[lbo-talk] Shell considers $2bn Chinese refinery plan

uvj at vsnl.com uvj at vsnl.com
Wed Dec 31 06:54:35 PST 2003


[People's Daily Online]

Business

Last updated at: (Beijing Time) Monday, December 29, 2003

Shell considers $2bn Chinese refinery plan

Royal Dutch/Shell is considering investing in a $2bn oil refinery in Guangdong province, next to the petrochemicals complex it is building in association with China National Offshore Oil Corporation.

The planned venture would expand the Anglo-Dutch group's $4.3bn, Nanhai petrochemicals complex being developed with CNOOC at Daya Bay, the largest Sino-foreignjoint venture to date.

Simon Lam, chief executive officer of the CSPC joint venture, said work had started on a feasibility study examining potential synergies from a refinery adjacent to the petrochemicals plant. "We are interested and we are looking into it," he said.
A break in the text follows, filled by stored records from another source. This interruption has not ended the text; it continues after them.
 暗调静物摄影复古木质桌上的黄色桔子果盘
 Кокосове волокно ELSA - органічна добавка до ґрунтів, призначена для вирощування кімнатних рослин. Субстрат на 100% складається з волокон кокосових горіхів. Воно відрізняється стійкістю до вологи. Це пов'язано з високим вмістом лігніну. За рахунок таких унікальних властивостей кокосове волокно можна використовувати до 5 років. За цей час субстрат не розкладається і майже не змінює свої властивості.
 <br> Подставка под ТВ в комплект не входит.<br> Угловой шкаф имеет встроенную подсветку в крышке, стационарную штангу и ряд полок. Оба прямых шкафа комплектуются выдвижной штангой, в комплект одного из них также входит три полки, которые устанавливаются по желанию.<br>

However, the local Communist party secretary, Li Xiufeng, said: "Shell has the intention to build a refinery here in Daya Bay. I support this refinery."
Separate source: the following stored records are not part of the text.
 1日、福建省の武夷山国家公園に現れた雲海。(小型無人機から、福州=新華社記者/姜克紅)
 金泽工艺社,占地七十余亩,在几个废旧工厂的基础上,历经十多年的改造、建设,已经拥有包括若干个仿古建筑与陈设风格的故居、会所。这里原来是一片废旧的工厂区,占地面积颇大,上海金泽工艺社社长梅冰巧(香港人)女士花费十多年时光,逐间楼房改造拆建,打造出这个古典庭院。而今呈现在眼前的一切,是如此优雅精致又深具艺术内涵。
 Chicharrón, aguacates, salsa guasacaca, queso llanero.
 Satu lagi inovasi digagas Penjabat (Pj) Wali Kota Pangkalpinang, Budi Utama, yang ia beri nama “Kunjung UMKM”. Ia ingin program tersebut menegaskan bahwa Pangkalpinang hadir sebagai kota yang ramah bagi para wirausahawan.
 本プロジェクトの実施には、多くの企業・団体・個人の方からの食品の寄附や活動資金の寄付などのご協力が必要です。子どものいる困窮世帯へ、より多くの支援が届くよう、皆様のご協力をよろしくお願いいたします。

CNOOC, which owns the site adjacent to the petrochemicals complex, has applied to the Chinese government for permission to build the refinery.

Mr Li said he expected central government to grant approval for the refinery in the next six months.
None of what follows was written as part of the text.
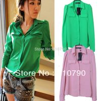 A woman is wearing a green shirt with a collar and buttons, paired with blue jeans with a silver belt buckle. | Wholesale Cheap Korean Clothes Free Shipping - Wholesale-Free Shipping Cheap Korean Style Fall Clothes Fashion Green Pink Long Sleeve Chiffon Blouse Shirt For Women 2015 Sale | 20a8a3bf503e463d61316f7e7f15dc2923399319594ade9e3ebc5e4a7662ccfa | 000910717659 | 0 | 0 | 21 | 26 | 0 | 0 | |
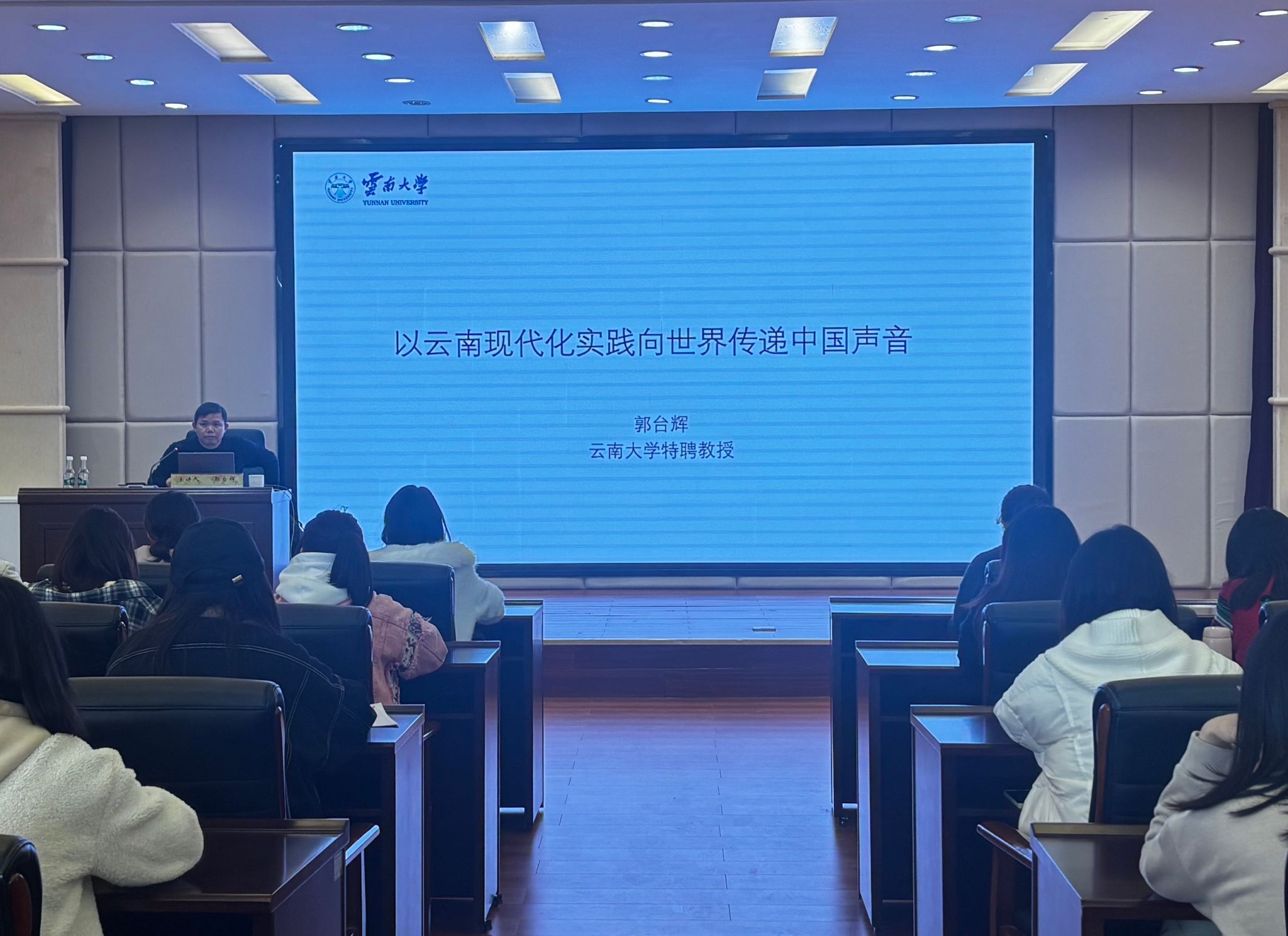 郭台辉围绕“为何传递中国声音”“如何表达中国”“如何提炼云南现代化实践”三个维度展开论述,深入探讨在中国式现代化进程中如何通过云南等多元文化区域的实践经验,构建具有中国特色的发展叙事,向国际社会传递中国式现代化的理论内涵与实践成果。讲座结合丰富案例,对相关理论及研究方法进行了系统阐释。

The proposed facility would supply materials to a cracker, or processing plant, which produces ingredients for plastics used in cars and television sets.

Initial estimates put synergies at $50m-$150m a year, though Shell said the cracker was designed to be profitable with or without a refinery next door.

"All crackers in the world will need a refinery next to them. Otherwise they will die," said Jean-Louis Bilhou, manufacturing director at CSPC.

The project was originally intended to be a refinery when Beijing first discussed it with Shell 14 years ago.

By 1997, the plans had changed to accommodate a petrochemicals site and a refinery, Mr Lam said. Construction of the petro-chemicals complex, which is funded by Asia's largest-ever project finance deal, began in May. It is expected to begin commercial operations in January 2006, supplying downstream plants and other customers.

Nanhai, the largest of three such complexes being built through joint ventures with foreign groups, is intended to meet rising demand for petrochemicals to fuel China's rapidly growing industrial base. Because of a shortage in production capacity, China has become the world's largest chemicals importer. Goldman Sachs estimates China will account for 40 per cent of global demand growth in 2003-2006.

Moreover, with imports accounting for 35 per cent of crude use in 2003, big Chinese oil groups are also expected to look for overseas acquisitions in addition to their domestic joint ventures with overseas oil companies.